Study material:
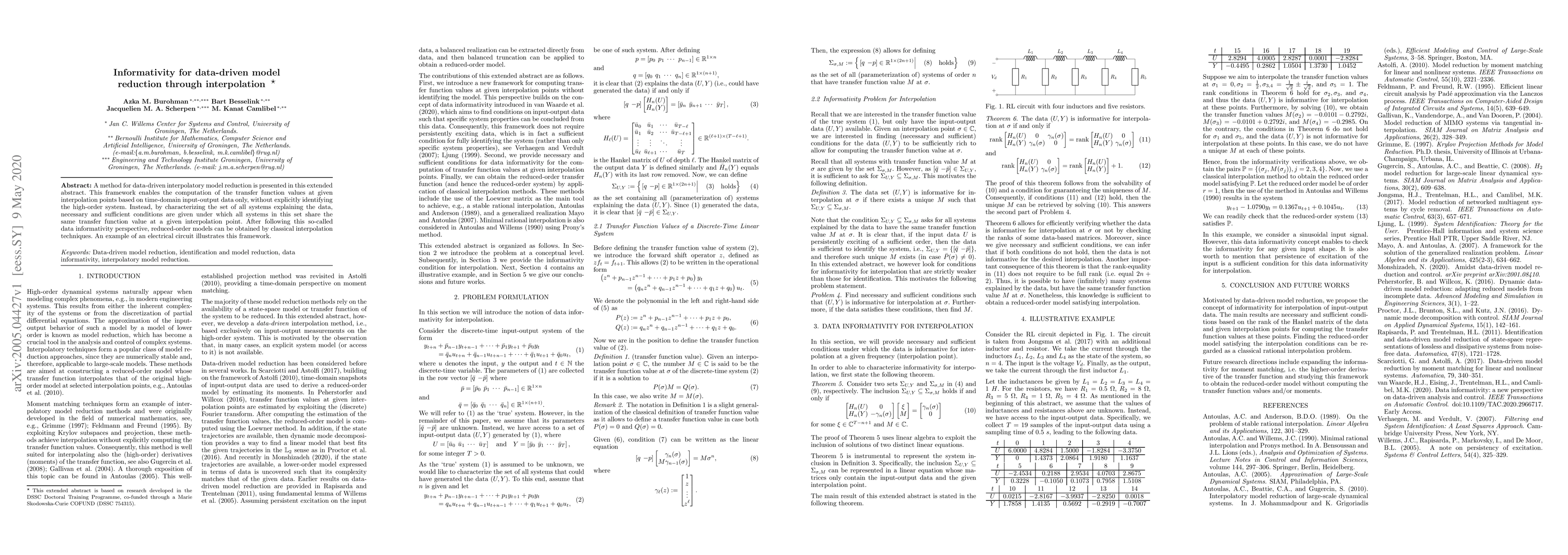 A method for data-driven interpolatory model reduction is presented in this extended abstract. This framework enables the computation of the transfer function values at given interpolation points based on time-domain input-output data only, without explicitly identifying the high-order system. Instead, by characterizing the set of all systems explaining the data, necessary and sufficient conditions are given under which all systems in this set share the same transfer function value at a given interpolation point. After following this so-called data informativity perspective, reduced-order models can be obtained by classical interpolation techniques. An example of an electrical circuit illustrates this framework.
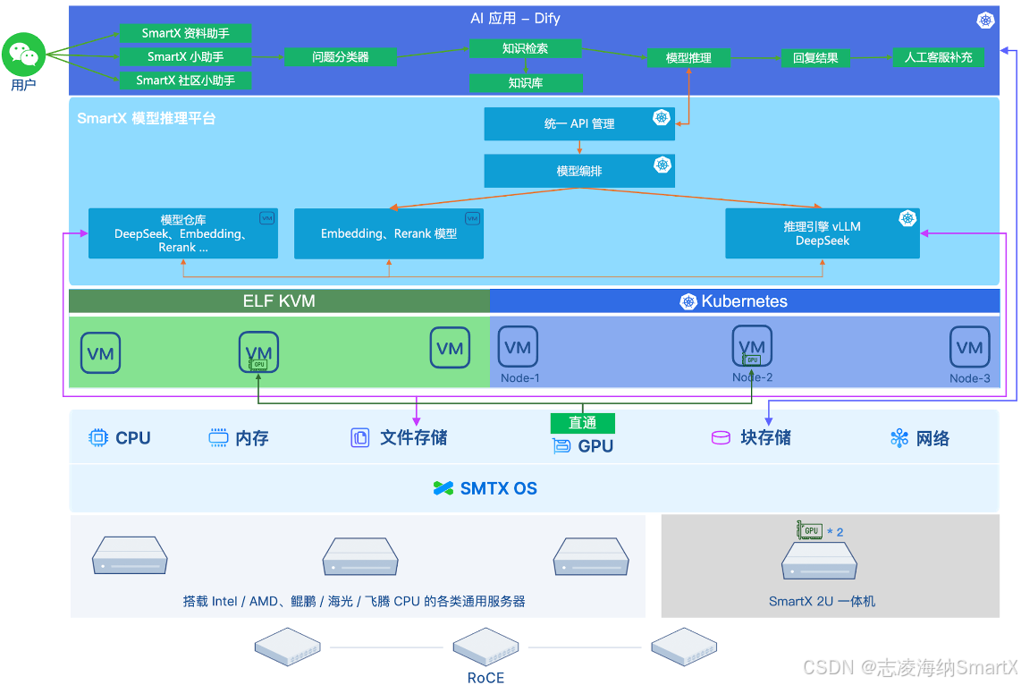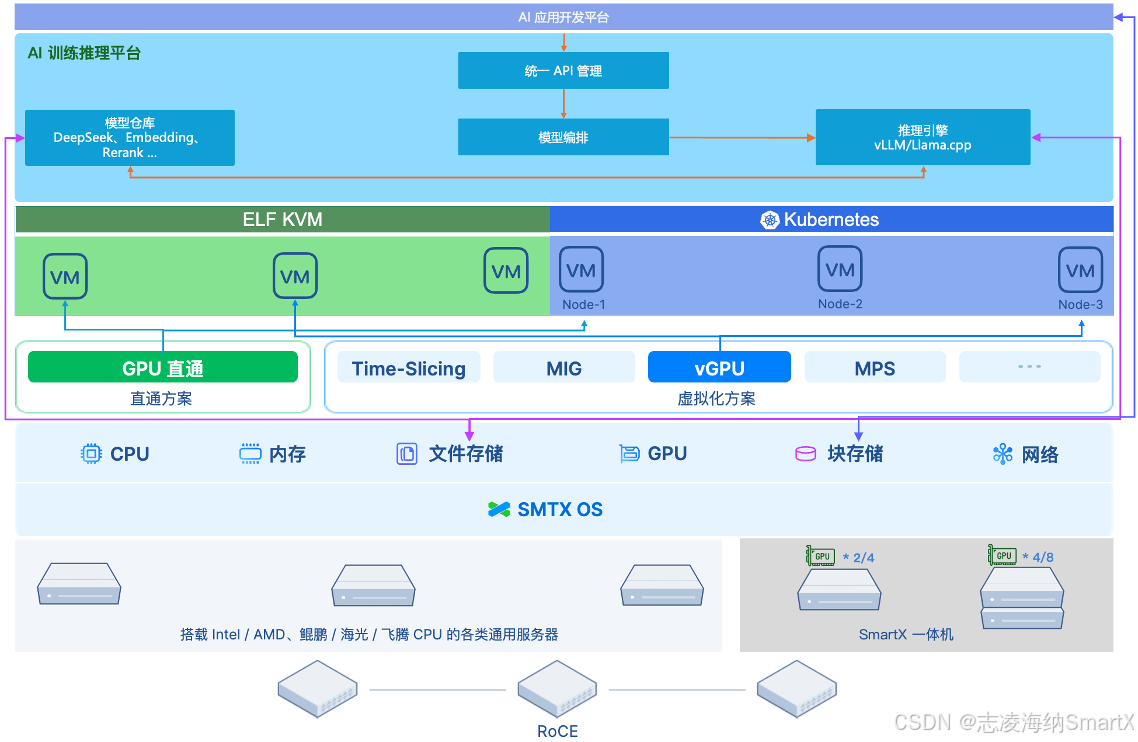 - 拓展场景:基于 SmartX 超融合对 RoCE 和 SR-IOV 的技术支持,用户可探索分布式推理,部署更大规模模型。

==

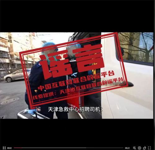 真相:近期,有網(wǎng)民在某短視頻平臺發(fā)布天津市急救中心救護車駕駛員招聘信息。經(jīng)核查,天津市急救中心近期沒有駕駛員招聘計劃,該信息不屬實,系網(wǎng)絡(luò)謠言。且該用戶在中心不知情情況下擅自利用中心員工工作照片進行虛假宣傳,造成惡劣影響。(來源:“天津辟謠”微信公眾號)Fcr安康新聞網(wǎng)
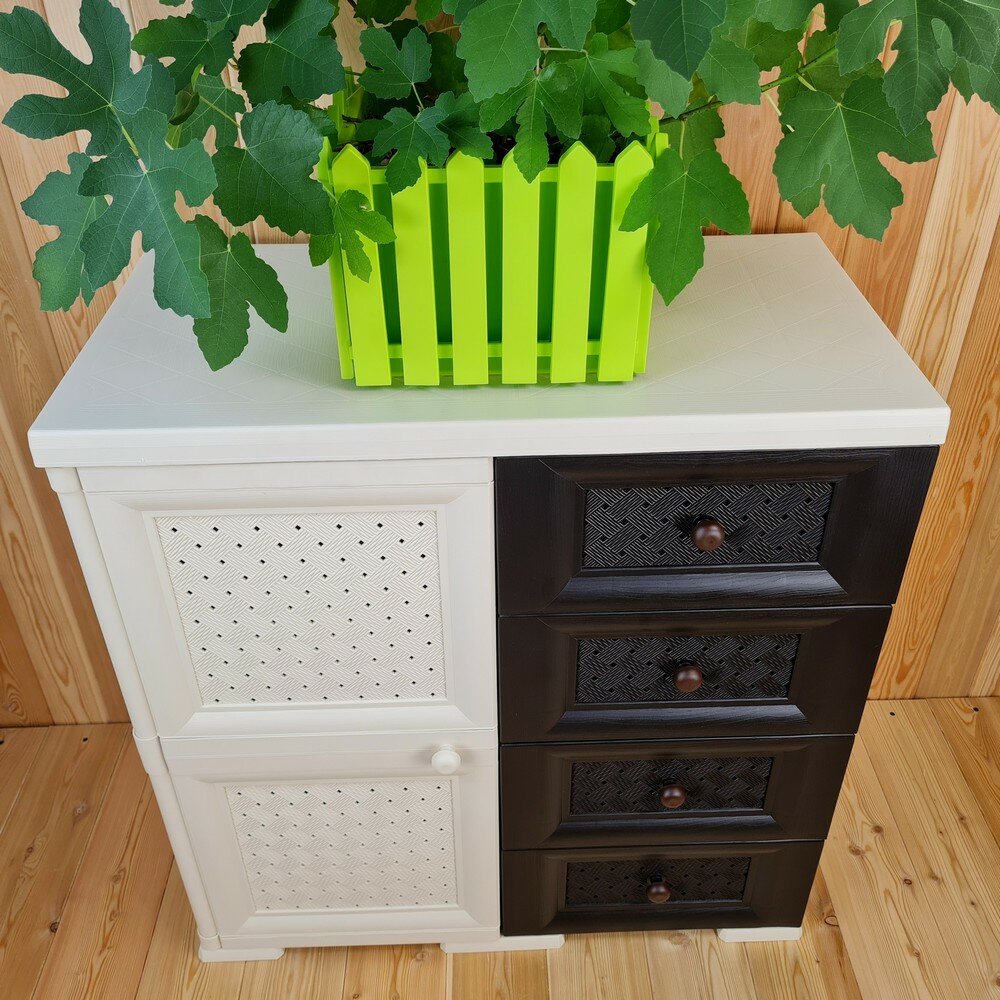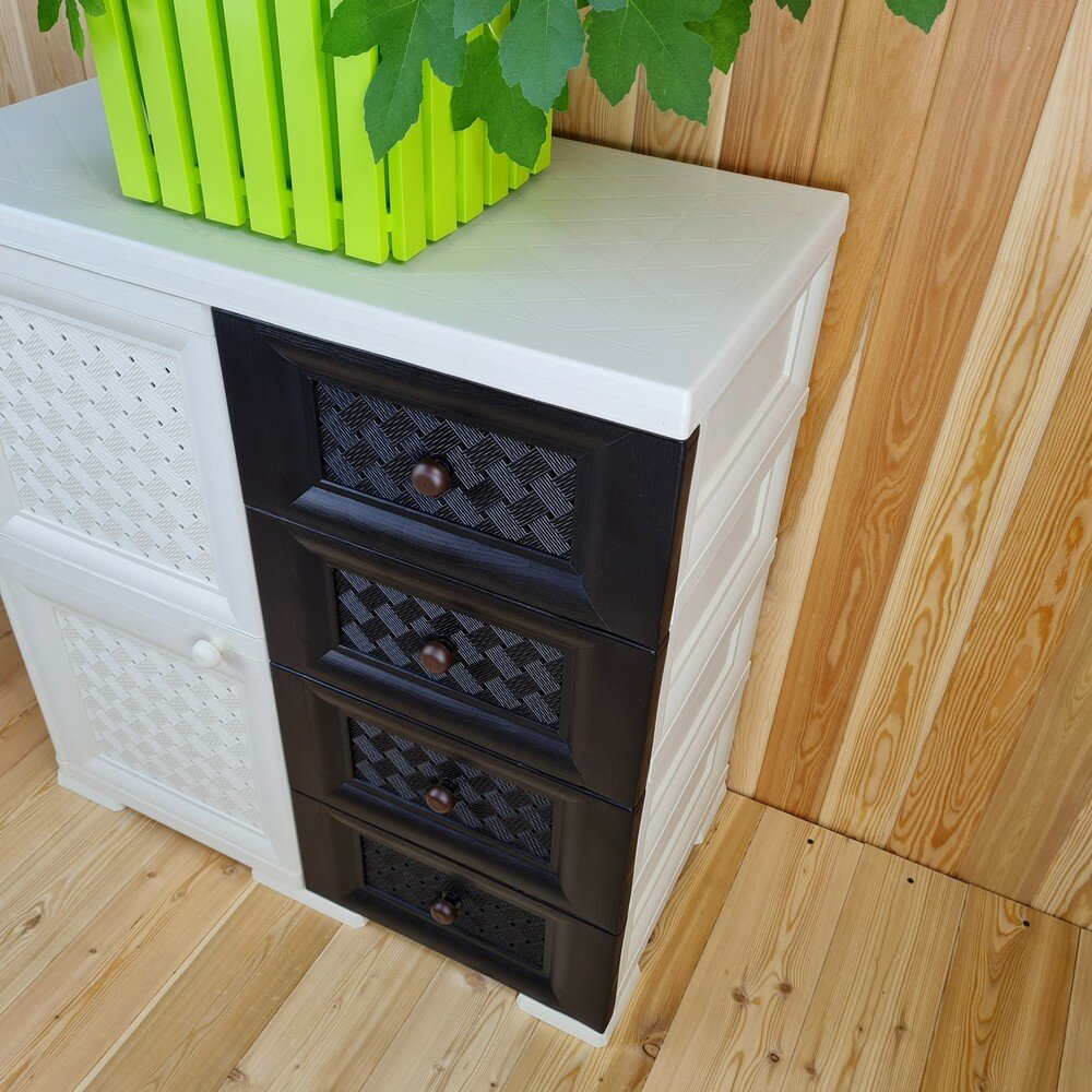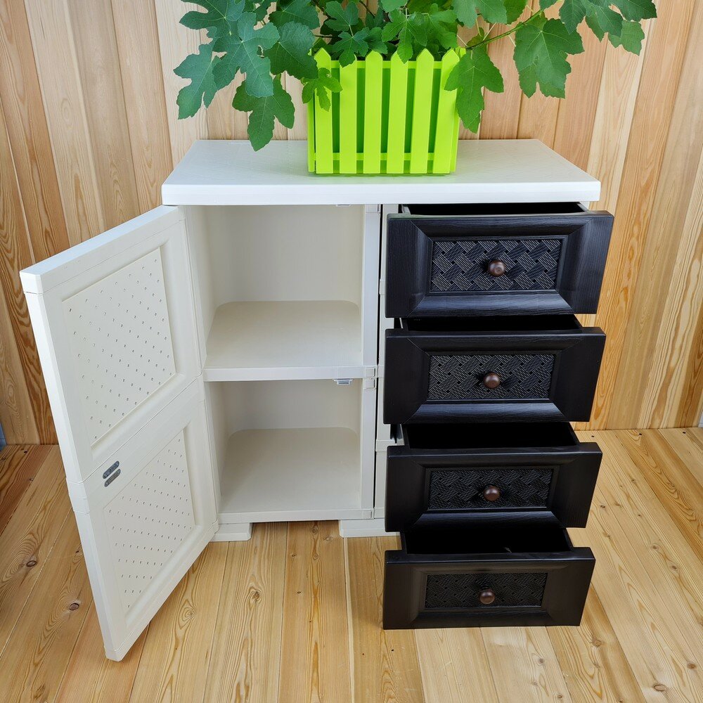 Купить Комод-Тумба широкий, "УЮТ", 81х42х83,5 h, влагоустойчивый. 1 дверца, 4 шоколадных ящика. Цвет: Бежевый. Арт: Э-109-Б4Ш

Instructions for the task: Copy exactly the lines of the entries above from the one containing "A method for" through the one containing "- 拓展场景:基于 SmartX". Both end lines count; pictures do not.

Output below:
 A method for data-driven interpolatory model reduction is presented in this extended abstract. This framework enables the computation of the transfer function values at given interpolation points based on time-domain input-output data only, without explicitly identifying the high-order system. Instead, by characterizing the set of all systems explaining the data, necessary and sufficient conditions are given under which all systems in this set share the same transfer function value at a given interpolation point. After following this so-called data informativity perspective, reduced-order models can be obtained by classical interpolation techniques. An example of an electrical circuit illustrates this framework.
 - 拓展场景:基于 SmartX 超融合对 RoCE 和 SR-IOV 的技术支持,用户可探索分布式推理,部署更大规模模型。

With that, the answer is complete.